Pero lo más grave lo vimos en El programa de Ana Rosa. Enviaron al reportero Jorge Luque a la puerta del edificio donde vive una de las hijas de Zapatero e indicó que la otra hermana vivía dos calles más abajo. Enseñaron la fachada y la calle de un barrio humilde y trabajador. Incluso revelaron la dirección. También enseñaron el parque donde las hermanas pasean a su perro. El reportero aseguró que las chicas estaban en casa en ese momento: “Estamos deseando encontrarlas para hacerles unas preguntas”, decía el reportero con tono desafiante. Había interrogado a los vecinos y explicaba que la mayoría no sabían que eran las hijas de Zapatero: “Ni siquiera el vecino de al lado, que es el que le recoge los paquetes”. Luque hizo salir a la dueña de la peluquería del lado del mismo portal.
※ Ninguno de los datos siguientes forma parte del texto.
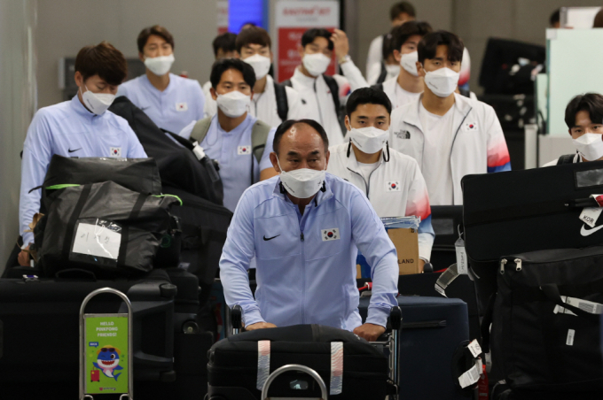 올림픽이 끝난 뒤 인천공항을 통해 귀국하는 김학범호. 연합뉴스◇ 최악으로 끝난 축구와 야구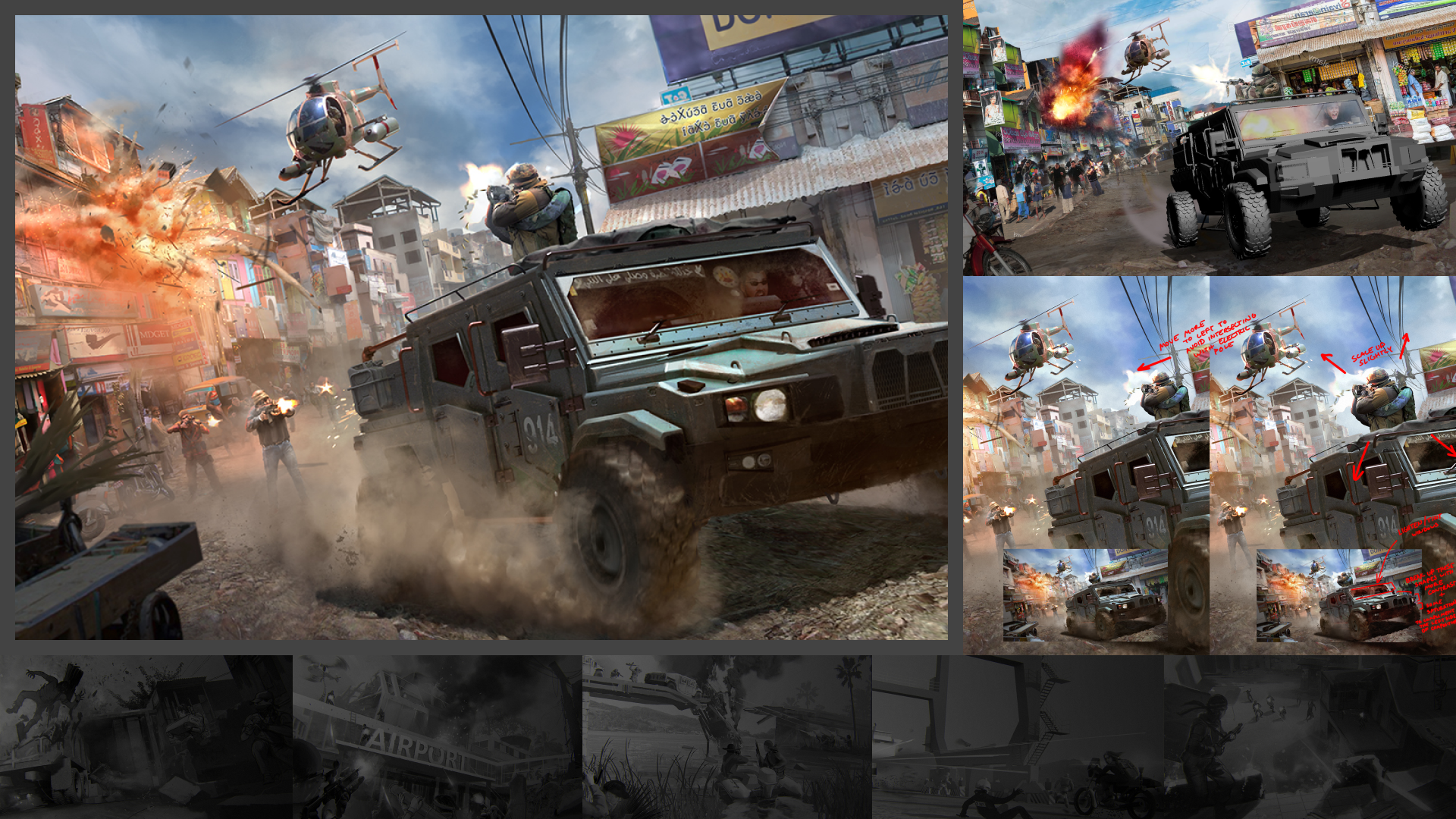 The vision for Intensity started with inspiration from various sources, concept art, and photo bashing to convey the overall feel and tone. These pieces also became the touchstone for marketing key art and branding.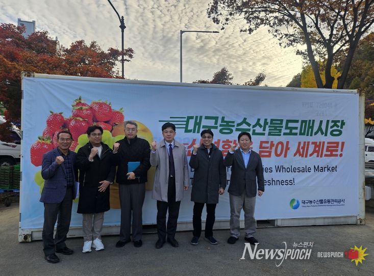 뉴스펀치 조평훈 기자 | 대구농수산물도매시장이 유통하는 우수 농산물이 ‘CA(Controlled Atmosphere, 환경제어) 컨테이너’라는 최첨단 기술을 활용해 세계 시장으로 향하는 수출 시대의 첫발을 내디뎠다.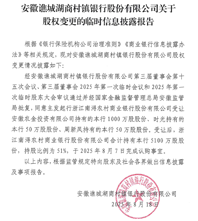 安徽谯城湖商村镇银行股份有限公司关于股权变更的临时信息披露报告

La peluquera explicó: “No quieren nada con nadie. No saludan. Van muy rápido”. “¿Es timidez o altanería?”, preguntaba el periodista, que insistía en que se esperarían allí para poder hablar con ellas. Una hora más tarde, hicieron una segunda conexión. El reportero no se había movido del lado de los interfonos. La cámara volvía a enseñar la calle, el edificio y el parque. “Siguen viviendo aquí. Siguen durmiendo aquí. Nos lo confirman los vecinos”. Señaló la puerta del edificio y, con el brazo, indicó el camino exacto, de diez metros, que hacían cada día para subir a su coche, y reveló que últimamente lo hacían con prisas: “Debe ser que no les apetece pasear. Ya no sacan al perro. Y también debe ser por razones de seguridad. Con la crispación que hay en este país y la que ellas tienen encima, pues no debe ser aconsejable que vayan solas. De hecho, el cartel de su empresa ya ha sido vandalizado”, destacaba. Insistía en el vandalismo como prueba del malestar contra ellas y los riesgos que eso tenía. Un acto de cinismo feroz, porque aquella conexión atentaba contra la privacidad y la seguridad de las hermanas Zapatero. Deshumanizarlas y ponerlas en peligro no es inocente. Es la línea de ataque que más duele a Zapatero.